Air Fryer Zucchini Chips
User Reviews
5
Air Fryer Zucchini Chips
Description
This recipe turns zucchini into crispy, golden chips by first slicing the vegetable thinly and coating each piece through a breading process involving flour, an egg and milk wash, and a flavorful mix of panko crumbs, grated Parmesan, garlic powder, and Italian seasoning. The use of an air fryer instead of deep frying reduces oil usage and creates a light, crunchy coating on the zucchini slices.
Cooking at 400°F for about 8 minutes with a flip midway ensures even crisping without overcooking. The chips retain crunch and a savory herb flavor enhanced by the Parmesan in the coating. The accompanying dip combines sour cream with Parmesan and herbs such as dill, garlic powder, and Italian seasoning, adding creamy and tangy notes that complement the chips’ crisp texture.
These chips work well as a snack or appetizer and can be stored in the refrigerator for about four days. Reheating in the air fryer briefly refreshes their crispness without sogginess, making them convenient for make-ahead serving or leftovers.
Proper layering of the coating ingredients and single-layer placement in the air fryer basket help ensure uniform crispness.
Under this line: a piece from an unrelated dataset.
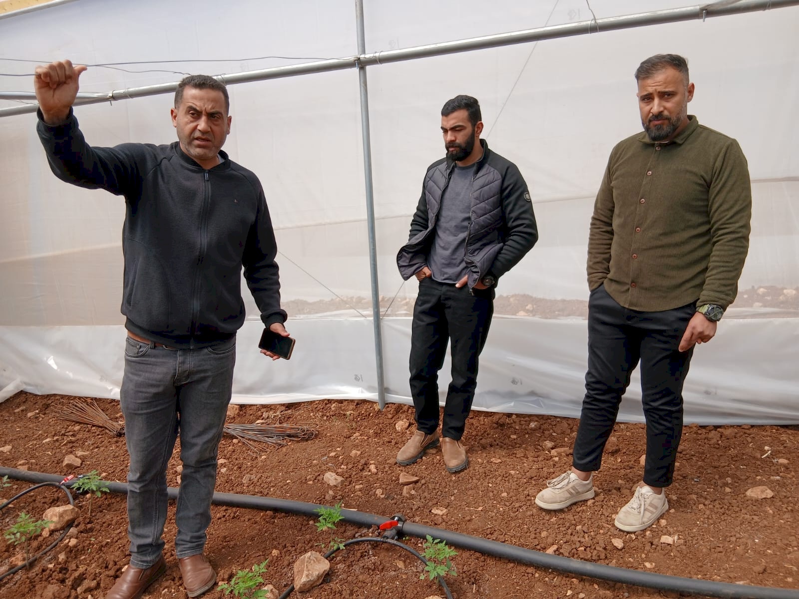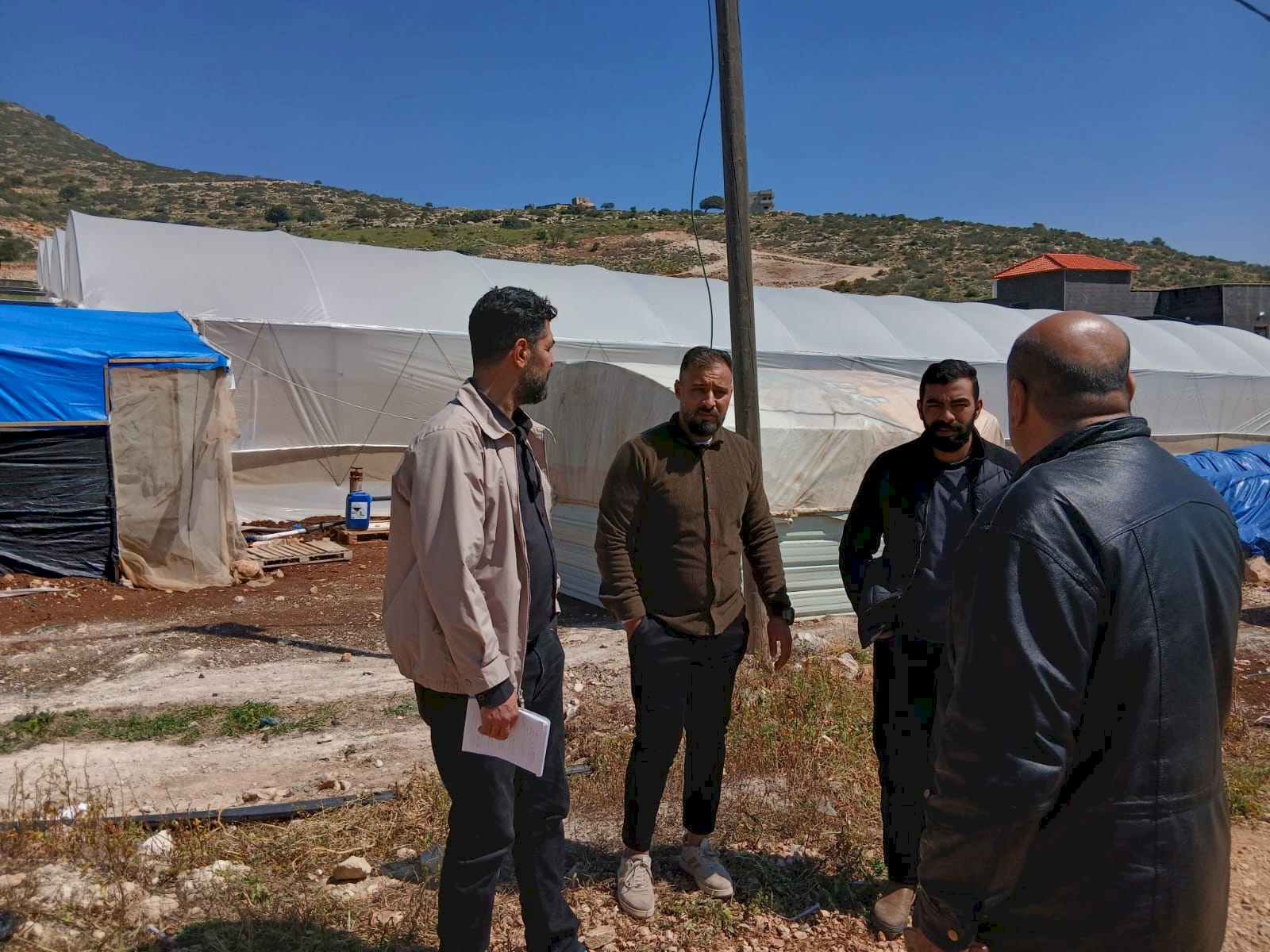 في بداية الجولة الميدانية تم التوجه إلى منطقة عقبة تياسير لزيارة مشروع مدخلات انتاج نباتي من خلال توفير خطوط مياه وشبكات ري وأسمدة ومبيدات بقيمة نحو 20 ألف يورو، لمساحة 20 دونم لصالح المزارع غسان ضراغمه، والذي تم تنفيذ هذا المشروع لصالحه كتعويض عن اعتداء جيش الاحتلال على محاصيله الزراعية بمساحة 120 دونم في العام 2019، وقد شكل هذا التمويل للمزارع غسان نقطة انطلاق جديدة استطاع من خلالها التوجه إلى زراعات جديدة كالخضار المحمية والعنب واستخدام أساليب زراعية حديثة ساعدت في الحصول على انتاج تنافسي بالجودة والكمية كما ساهم هذا المشروع بتوفير أكثر من 20 فرصة عمل أصبح لها مصدر رزق تعتاش من خلاله.

The dip seasoning is adjustable to taste with salt and pepper.
Ingredients
For the Chips
- 2 large zucchini about 8” long, sliced ¼” thick
- 1 egg large
- 2 tablespoons milk
- ½ cup all-purpose flour
- 1 cup panko breadcrumbs
- 1 cup Parmesan Cheese grated
- ½ teaspoon garlic powder
- ½ teaspoon Italian seasoning
- cooking spray
For the Dip
- ½ cup sour cream
- 2 tablespoons Parmesan Cheese grated
- ½ tablespoon Italian seasoning
- ½ teaspoon garlic powder
- ½ teaspoon dill dried
- salt to taste
- black pepper to taste
Instructions
- Add the flour to a small, shallow bowl.
- In another bowl, combine the milk and egg and whisk until fully combined.
- In a third bowl, combine the panko bread crumbs, parmesan cheese, garlic powder and Italian seasoning.
- Dip each zucchini slice into the flour, followed by the egg mixture, and then the bread crumb mixture, pressing gently to coat.
- Spray the air fryer basket with cooking spray. Add the zucchini to the basket in a single layer and cook at 400°F for 8 minutes, flipping halfway through.
- Make the dip. In a small mixing bowl, whisk together the sour cream and parmesan cheese, Italian seasoning, garlic powder and dill. Season to taste with salt and pepper and serve with the zucchini chips.
Notes
- Store leftover zucchini chips in an airtight container in the refrigerator; they stay good for about 4 days.
- Reheat chips in the air fryer at 400ºF for 2 to 3 minutes to restore crispness before serving.
Nutrition Information
Show DetailsNutrition Facts
Serving: 4servings
Amount Per Serving
Calories 345 kcal
% Daily Value*
| Calories | 345kcal | 17% |
| Carbohydrates | 34g | 11% |
| Protein | 16g | 32% |
| Fat | 16g | 25% |
| Saturated Fat | 8g | 40% |
| Polyunsaturated Fat | 1g | 6% |
| Monounsaturated Fat | 4g | 20% |
| Trans Fat | 0.01g | 1% |
| Cholesterol | 88mg | 29% |
| Sodium | 642mg | 27% |
| Potassium | 607mg | 13% |
| Fiber | 3g | 12% |
| Sugar | 6g | 12% |
| Vitamin A | 842IU | 17% |
| Vitamin C | 29mg | 32% |
| Calcium | 361mg | 36% |
| Iron | 3mg | 17% |
* Percent Daily Values are based on a 2,000 calorie diet.